Avec son humour parfois irrévérencieux et acerbe, Guardians of the Galaxy reste tout de même assez unique dans la filmographie de Marvel Studios et la nouvelle équipe de space cowboys réussit à s'imposer comme l'équivalent de l'espace des Avengers. Malheureusement, la comparaison est aussi synonyme de défauts puisque le film ne réussit pas s'extirper de la malédiction du MCU liée à ses antagonistes peu charismatiques, avec ici Ronan pourtant interprété par un Lee Pace charismatique malgré le maquillage. Le film veut tout de même s'imposer comme un chapitre incontournable du MCU par la présence d'un Thanos absent depuis Avengers mais aussi l'introduction d'une nouvelle gemme de l'infini, celle du pouvoir, qui permettra de glisser la présence notable des Celestials pour une potentielle menace future... Qui sait ?

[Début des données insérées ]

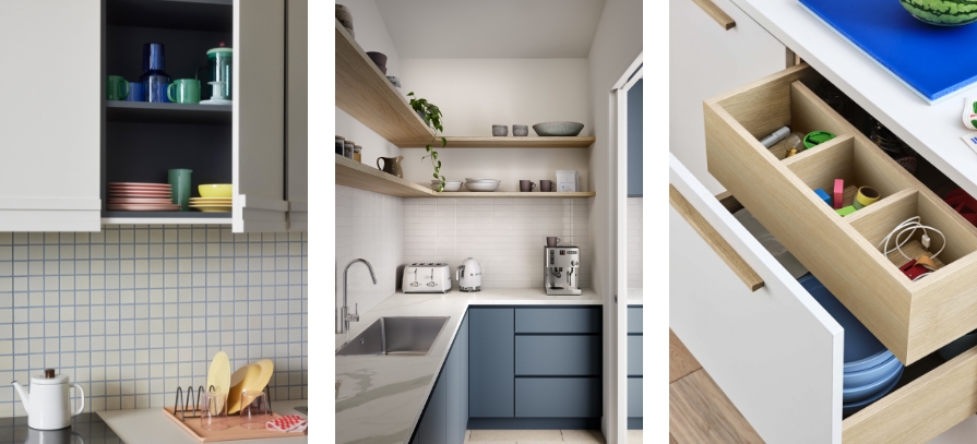 This is where you get into the nitty-gritty of design, and specifically, how your kitchen is going to function as a space. You’ll need to allocate storage, considering everything from food and utensils to cleaning products and waste, as well as resolving how everything will be arranged, so you can move efficiently between work surfaces, sink and appliances. If that sounds like a lot of work, don’t worry – there’s no need to reinvent the wheel. Our Kitchen Design and Renovation Guide includes six popular layout options, as well as a range of pantry and drawer designs that you can adapt to your own home.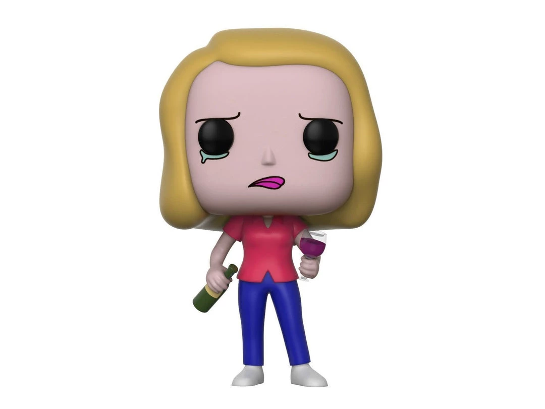 From Rick and Morty, Beth with Wine Glass, as a stylized POP vinyl from Funko! Figure stands 3 3/4 inches and comes in a window display box. Check out the other Rick and Morty figures from Funko! Collect them all!.

Car finalement, le pari est réussi pour Kevin Feige lors de la sortie du film en 2014 qui arrête sa course au box office à plus de 700 millions de dollars. James Gunn devient d'ailleurs un personnage de premier plan pour la branche cinéma de la Maison des Idées en participant grandement à l'ouverture de l'univers cosmique de l'univers. En effet, le véritable impact du film commence à se faire ressentir depuis l'année dernière avec Guardians of the Galaxy Vol. 2 (obviously), Thor : Ragnarok mais aussi dès le mois prochain avec la sortie d'Avengers : Infinity War, qui verra les Gardiens défendre la Terre. Et les liens vers l'univers cosmique vont continuer d'ailleurs de s'étendre dans les prochaines années avec la première aventure solo de Carol Danvers dans Captain Marvel, Gardians of the Galaxy Vol. 3 et les autres projets que nous concocte James Gunn. Un film Stakar Ogord avec Sylvester Stallone, s'il-vous plait.